The total protein was extracted from the liver after exposure to hypoxia for 24h, and the concentrations measured using the bicinchoninic acid (BCA) protein assay. The proteins were separated by electrophoresis and transferred to PVDF membranes. Subsequently, the Western blotting was carried out by standard protocol. The membranes were probed with primary antibodies: anti-CEBPβ (1:500, Abcam, United States), anti-TDO-1 (1:300, Abcam), anti-TDO-2 (1:500, Abcam), anti-KAT-1 (1:200, Abcam), and anti-β-actin (1:1000 dilution, Santa Cruz Biotechnology, Santa Cruz, CA, United States). The immunoreactive bands were visualized using the enhanced chemiluminescence (ECL) kit according to the manufacturer’s instructions (Amersham Biosciences, Arlington Heights, IL, United States). The signal intensities of the target proteins were analyzed by the bioimaging system (Model 4000, Versa Doc, Bio-Rad, United States) and the densitometric values analyzed by Image J software. The housekeeping protein β-actin served as an internal control.

Immunohistochemistry

Liver tissue samples were fixed in 4% formaldehyde, dehydrated in 30% sucrose solution, and sliced into 20-μm-thick sections using Leica Microsystems Nussloch GmbH (D-69226, Germany). After blocking with 10% normal goat serum, the sections were permeabilized using 0.1% Triton-X 100 and incubated with primary antibody anti-CEBPβ (1:100, Abcam). After washing, the samples were probed with the appropriate secondary antibody (Jackson Immunoresearch, West Grove, PA, United States). Micrographs were selected, captured using a laser confocal microscope and analyzed using MagnaFire SP 2.1B software (Olympus, Melville, NY, United States).

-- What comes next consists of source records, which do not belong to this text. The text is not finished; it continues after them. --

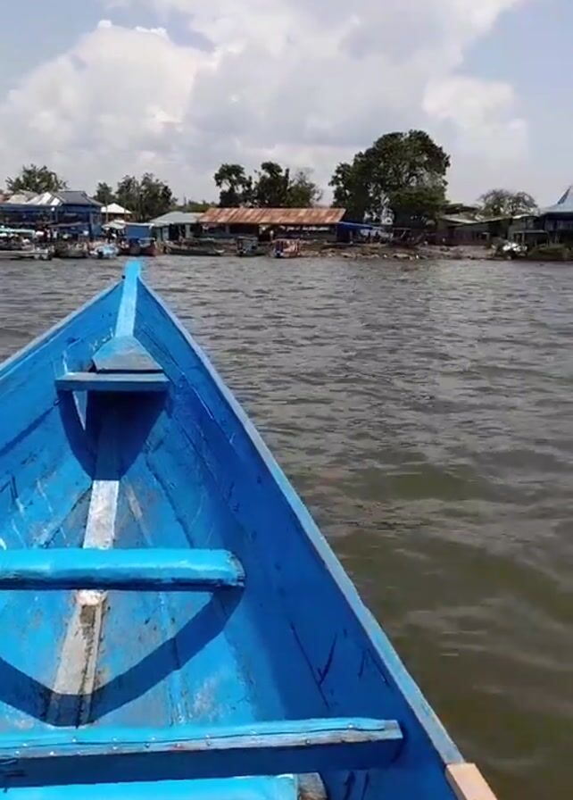 view from the bow of a small, bright blue boat moving through the water. The camera is stable and focused on the buildings on the distant shore. The water has gentle ripples and a slightly murky color. The sky is partly cloudy with a bright, sunny feel. Several buildings are visible on the shore, including some elevated on piers. Other boats are also visible near the shore. The video appears to be taken during the daytime.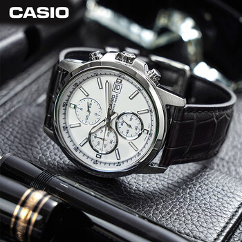 卡西欧(CASIO)手表男三盘简约夜光显示学生考试石英表送男友礼物MTH-5001L-7A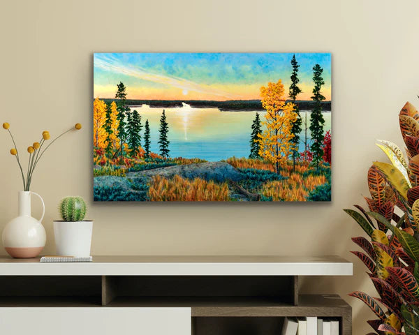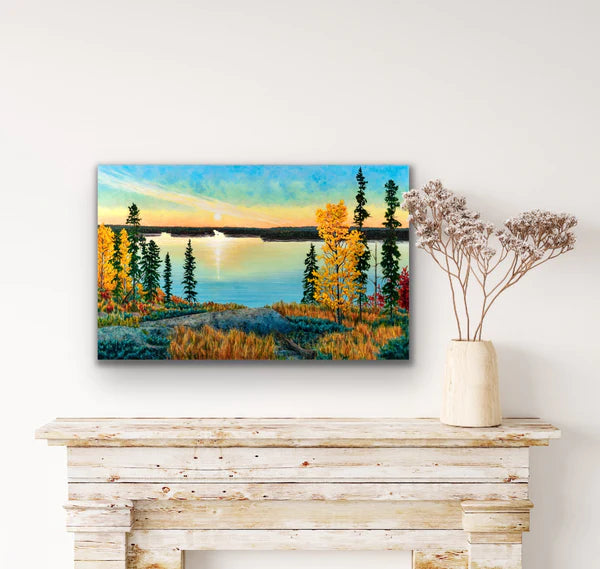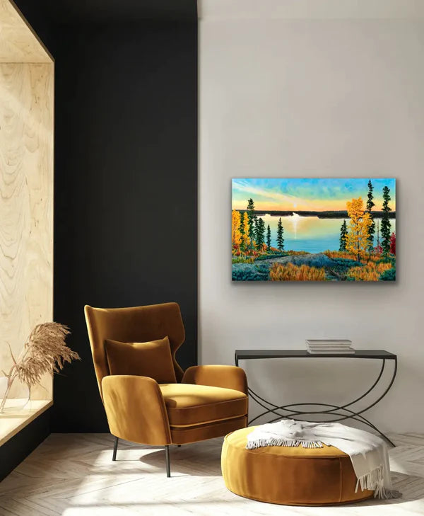 This print is a smaller sized reproduction of the original painting "October Morn", 30"x48" by Melissa Jean.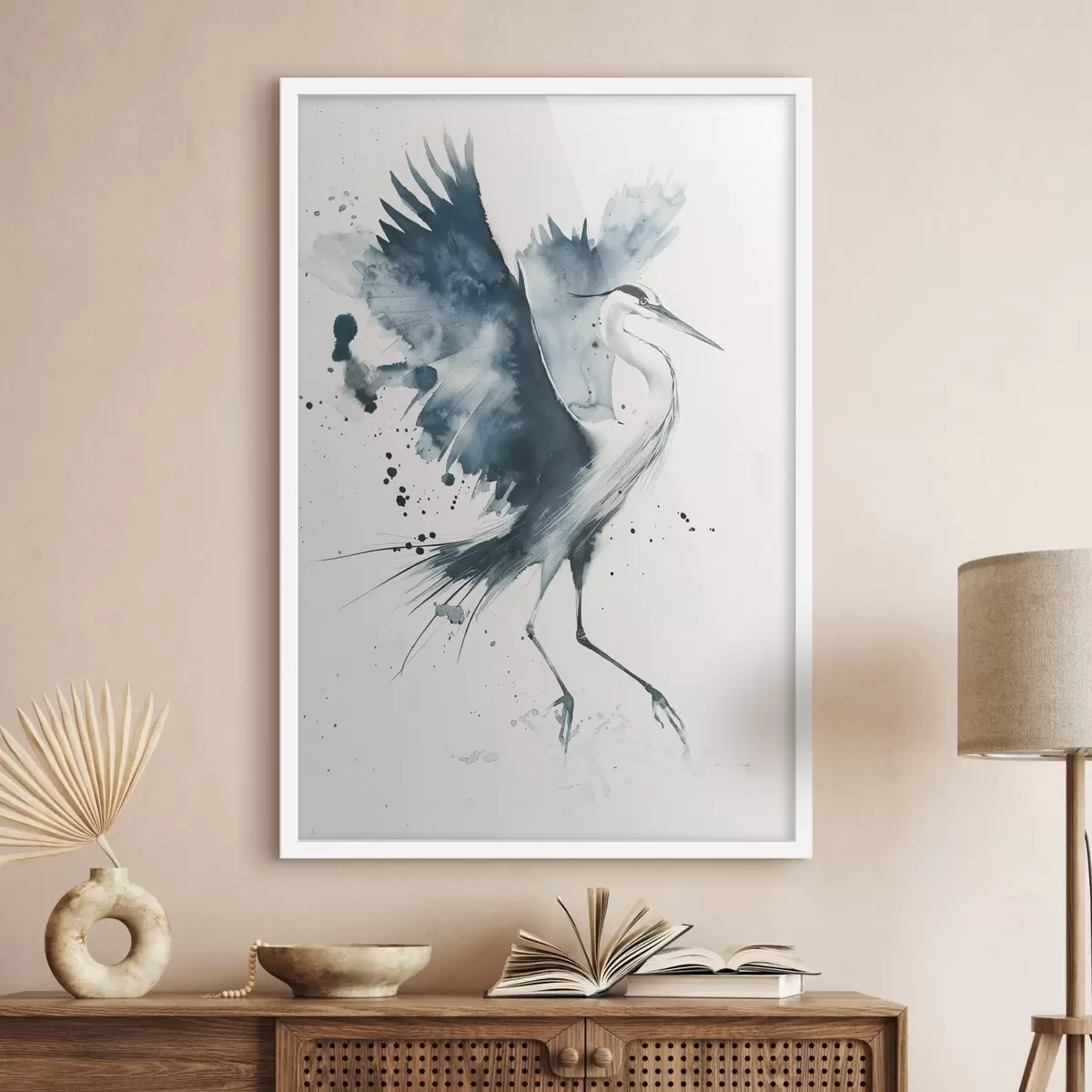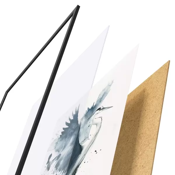 De poster bestaat uit een frame, plexiglas, geprinte afbeelding en spaanplaat achterkant. De poster kan meteen aan de muur worden gehangen dankzij de bevestigingen op de achterkant.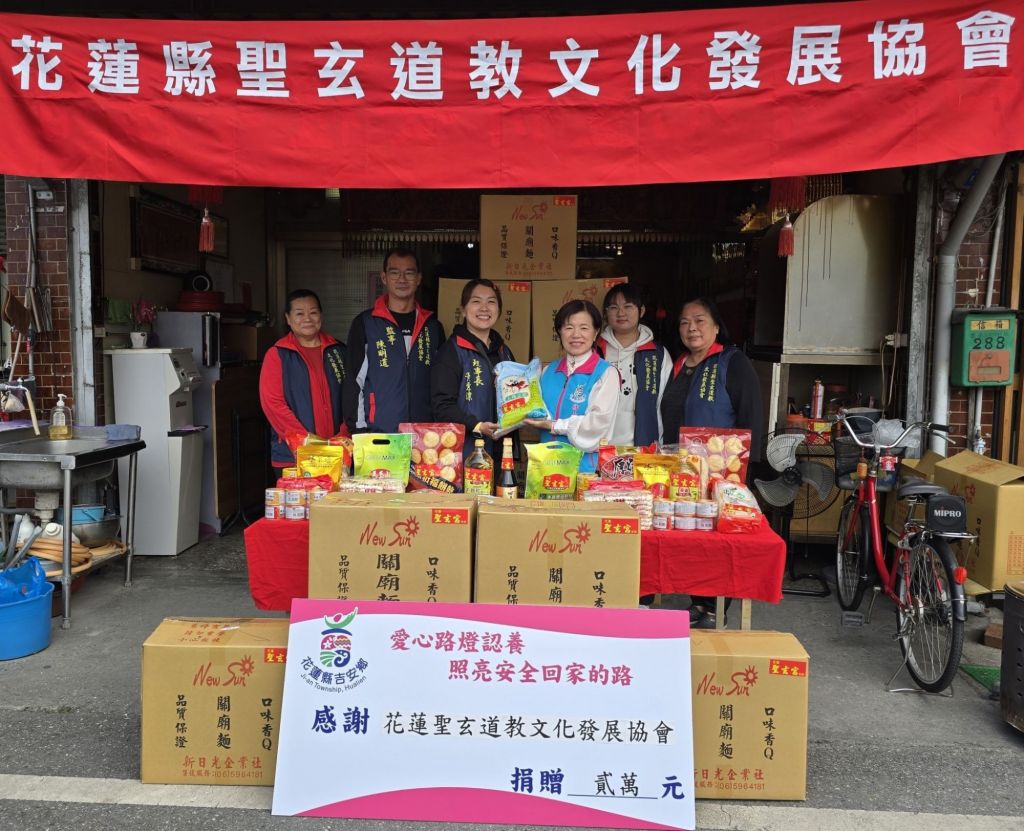 花蓮縣聖玄道教文化發展協會整合信眾愛心,捐贈30大箱綜合民生物資予吉安鄉弱勢家戶外,追加響應「認養光明路燈」計畫,今年再度認養20盞路燈,守護晚歸用路人的行車與行走安全,也為弱勢家庭補足基本生活所需。吉安鄉長游淑貞偕同社會課團隊親赴聖玄宮,致贈感謝狀予聖玄宮及花蓮縣聖玄道教文化發展協會,感謝長年善行不輟、公益不缺席。鄉公所堅守擔綱「愛心轉運站」的守護運能,確保物資與資源能夠即時、精準送達需要幫助的鄉親手中,陪伴弱勢家戶穩定生活、勇敢迎向未來。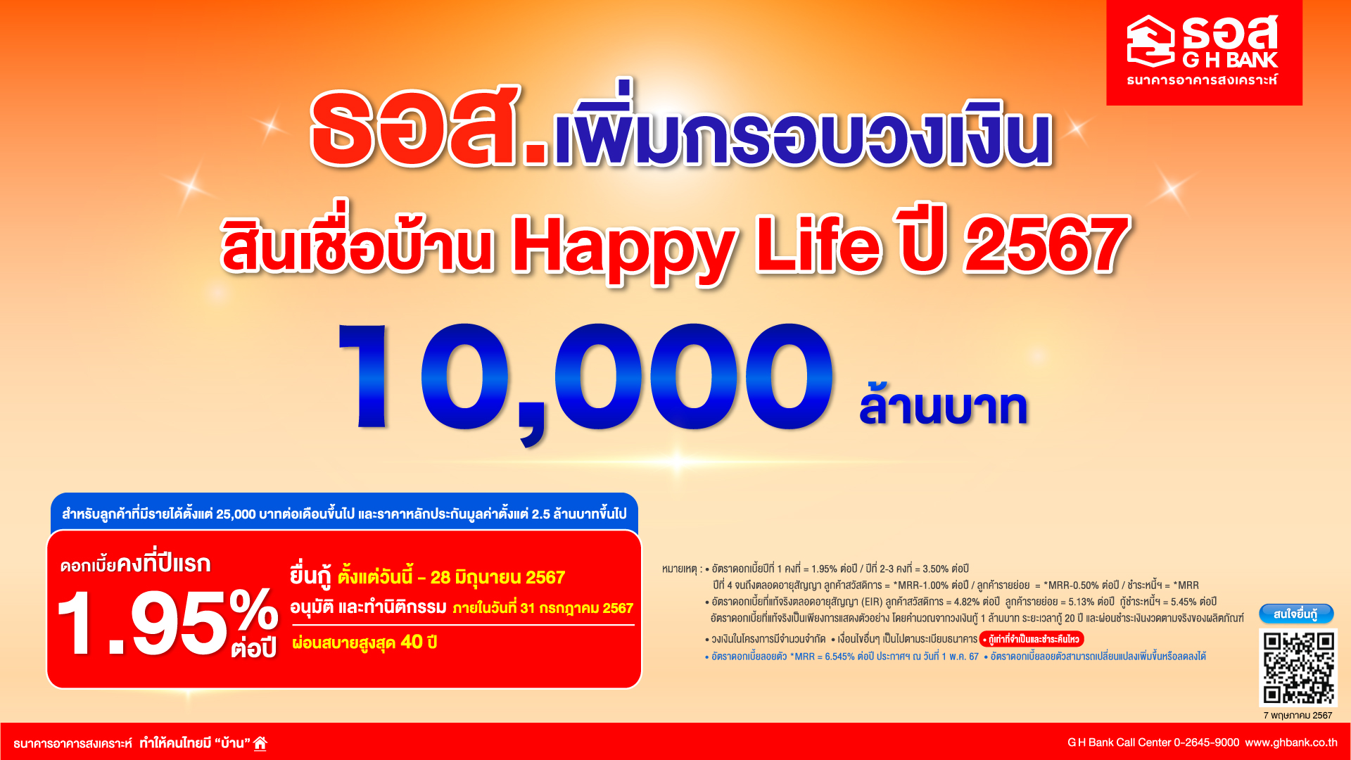 นายกมลภพ วีระพละ กรรมการผู้จัดการ ธนาคารอาคารสงเคราะห์ (ธอส.) เปิดเผยว่า หลังจากที่ธนาคารจัดทำสินเชื่อบ้าน Happy Life ปี 2567 กรอบวงเงิน 10,000 ล้านบาท สำหรับการซื้อที่อยู่อาศัยที่มีราคาตั้งแต่ 2.5 ล้านบาทขึ้นไป โดยจะได้รับอัตราดอกเบี้ยปีที่ 1 คงที่เท่ากับ 1.95% ต่อปี, ปีที่ 2-3 คงที่เท่ากับ 3.50% ต่อปี (อัตราดอกเบี้ยเฉลี่ย 3 ปีแรกเท่ากับ 2.98% เท่านั้น) และปีที่ 4 จนถึงตลอดอายุสัญญา กรณีลูกค้าสวัสดิการ เท่ากับ MRR-1.00% ต่อปี , ลูกค้ารายย่อย เท่ากับ MRR-0.50% ต่อปี และกรณีชำระหนี้ฯ เท่ากับ MRR ต่อปี (อัตราดอกเบี้ย MRR ธอส. ปัจจุบัน เท่ากับ 6.545% ต่อปี) ระยะเวลาการกู้นานสูงสุด 40 ปี เงินงวดปีแรกเพียงล้านละ 3,500 บาทต่อเดือน เท่านั้น! โดย ณ วันที่ 2 พฤษภาคม 2567 มีลูกค้ายื่นขอสินเชื่อดังกล่าวจำนวน 11,228 ล้านบาท เกินกรอบวงเงินที่กำหนด 10,000 ล้านบาทแล้ว สะท้อนว่าลูกค้าให้ความสนใจเป็นจำนวนมาก ดังนั้น เพื่อเป็นการสานต่อนโยบายรัฐบาลของนายเศรษฐา ทวีสิน นายกรัฐมนตรี และนายกฤษฏา จีนะวิจารณะ รัฐมนตรีช่วยว่าการกระทรวงการคลัง ในการส่งเสริมให้คนไทยได้มีที่อยู่อาศัยเป็นของตนเอง และยกระดับ คุณภาพชีวิตของประชาชนให้ดีขึ้น ธอส.จึงปรับเพิ่มกรอบวงเงินสินเชื่อบ้าน Happy Life ปี 2567 อีก 10,000 ล้านบาท เป็น 20,000 ล้านบาท เพื่อรองรับความต้องการของลูกค้าอย่างต่อเนื่อง
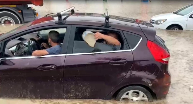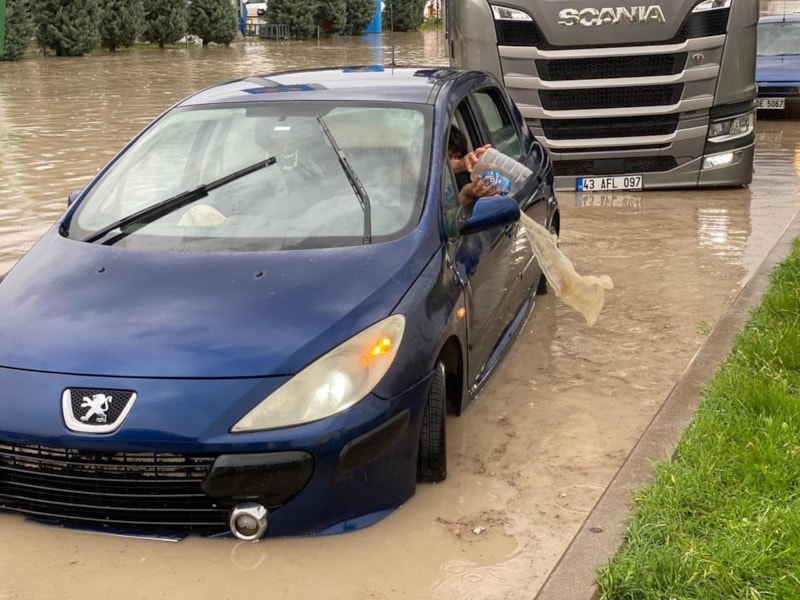 Sürücüler ve vatandaşlar, araçların içindeki suyu pet şişelerle boşaltmaya çalıştı.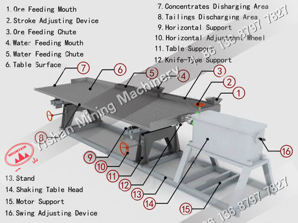 選礦搖床主要由床頭、電動機、調(diào)坡器、床面、礦槽、水槽、來復條以及潤滑系統(tǒng)等八個部分組成。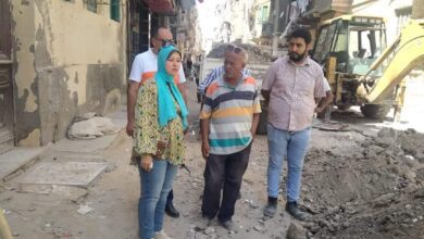 نهى خليفة تتابع رفع كفاء الطرق وإزالةالإعلانات المُخالفة والأجزاء المُعلقة بأحد العقارات بحي الجمرك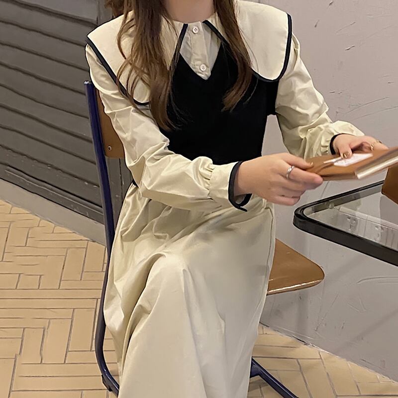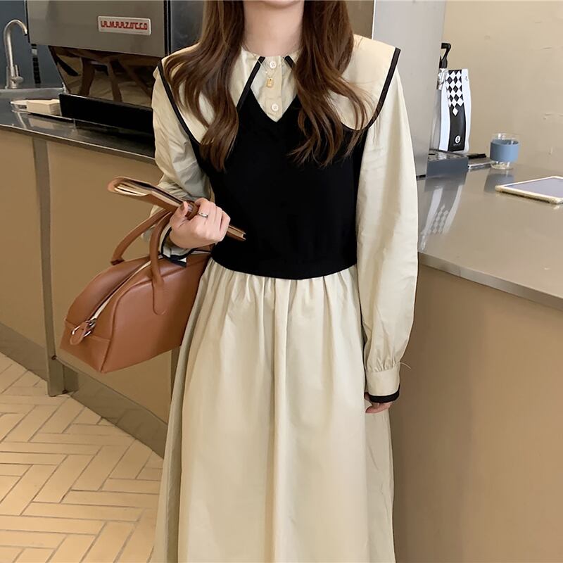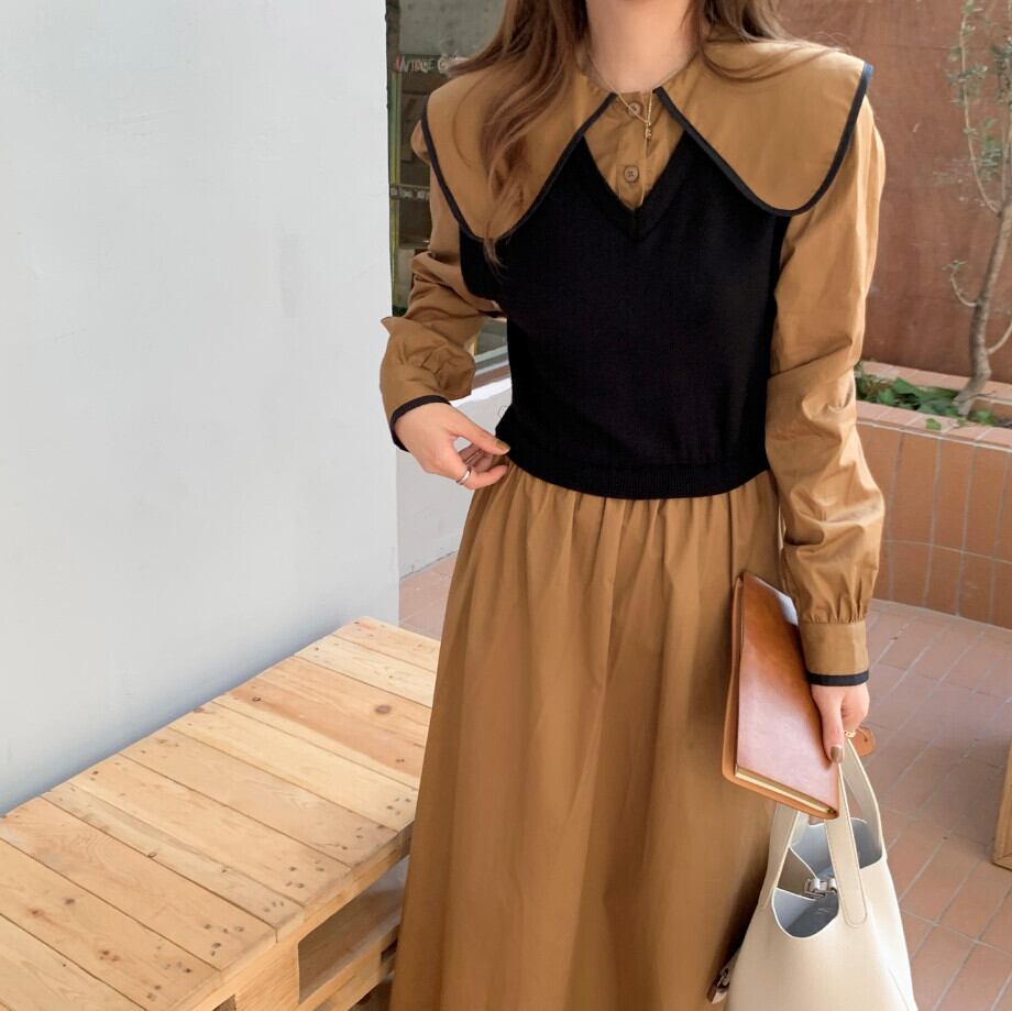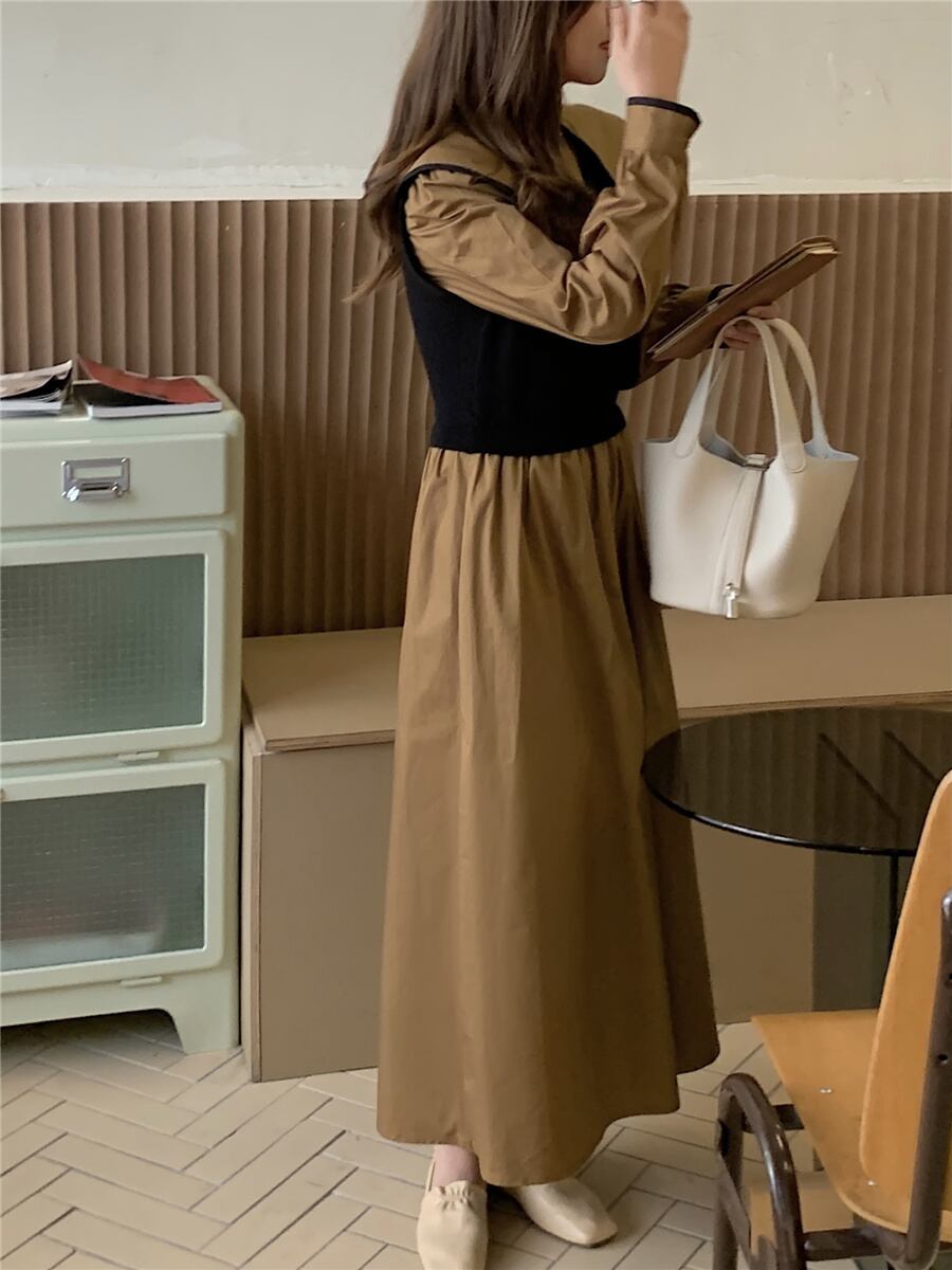 【韓国ファッション】大人可愛い ニットプリーツハイウェストウェストシングルブレストドレス ロングスカート レディース ステッチ ♡ 韓国18081645971 | パリジェンヌ、韓国系ファッション July

High-Performance Liquid Chromatography (HPLC)

Kynurenine and tryptophan levels in serum were analyzed by HPLC, as described previously (Engin et al., 2015). Briefly, loading of the serum on the column at a flow rate 1 ml/min, at 22°C. The mobile phase consisting of 0.1M ammonia acetate (pH 4.65) was filtered prior to usage and pumped isocratically at a flow rate of 0.8 ml/min. Tryptophan was measured by fluorescence detection at an excitation wavelength of 254 nm and an emission wavelength of 404 nm, while KYN was measured using a multi-wavelength detection at 365 nm. The final results were calculated according to the standard curve.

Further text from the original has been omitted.